> _Data_
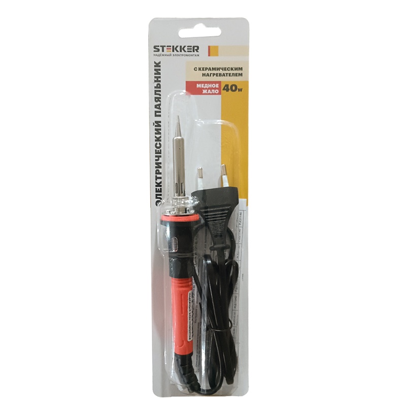 Паяльник универсальный 40W с керамич. сердечником , долговечное жало, 230В, STEKKER PLE211-40 49990
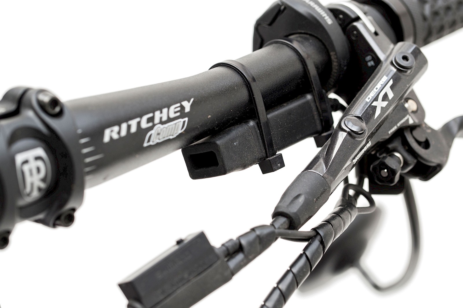 Ein durch und durch pragmatisches Nutzrad – Dem FD2E von Moritz liegt ein ungewöhnliches und umfangreiches Pflichtenheft zu Grunde. Denn eigentlich ist das Rad für seine Frau Ina, die damit täglich 30 Kilometer zur Arbeit pendelt. Allerdings sollte das Rad auch mal g’schwind von Moritz zu benutzen sein. Die Lösung für die gewünschte adhoc-Anpassung: Eine verstellbare Sattelstütze von Giant, die in den jeweiligen Endpositionen die richtige Sattelhöhe aufweist. Auf ein Display wurde bewusst verzichtet, als Ersatz fungiert das minimalistische EW-EN100; bei Bedarf kann ein Smartphone als Displayersatz damit gekoppelt werden.
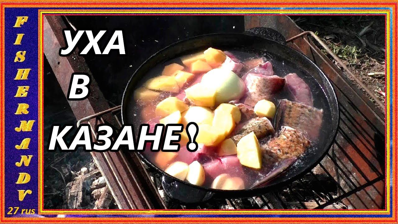 Двойная уха в казане из четырёх видов рыбы на костре, уха от fisherman dv 27 rus
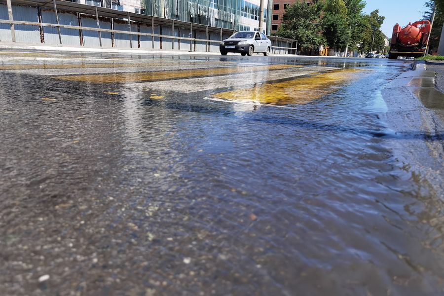 К настоящему моменту канализационные воды действительно перестали выходить наружу. На место приехала бригада коммунальщиков, которая занялась ремонтом сетей. Нечистоты быстро высыхали на раскаленном асфальте и солнце. Но запашочек остался...

> _Problem statement_
Give back, exactly as written, the lines from the top of the material through the line with "Ein durch und", ends included and pictures left aside.

> _Output for this exercise_
 Паяльник универсальный 40W с керамич. сердечником , долговечное жало, 230В, STEKKER PLE211-40 49990
 Ein durch und durch pragmatisches Nutzrad – Dem FD2E von Moritz liegt ein ungewöhnliches und umfangreiches Pflichtenheft zu Grunde. Denn eigentlich ist das Rad für seine Frau Ina, die damit täglich 30 Kilometer zur Arbeit pendelt. Allerdings sollte das Rad auch mal g’schwind von Moritz zu benutzen sein. Die Lösung für die gewünschte adhoc-Anpassung: Eine verstellbare Sattelstütze von Giant, die in den jeweiligen Endpositionen die richtige Sattelhöhe aufweist. Auf ein Display wurde bewusst verzichtet, als Ersatz fungiert das minimalistische EW-EN100; bei Bedarf kann ein Smartphone als Displayersatz damit gekoppelt werden.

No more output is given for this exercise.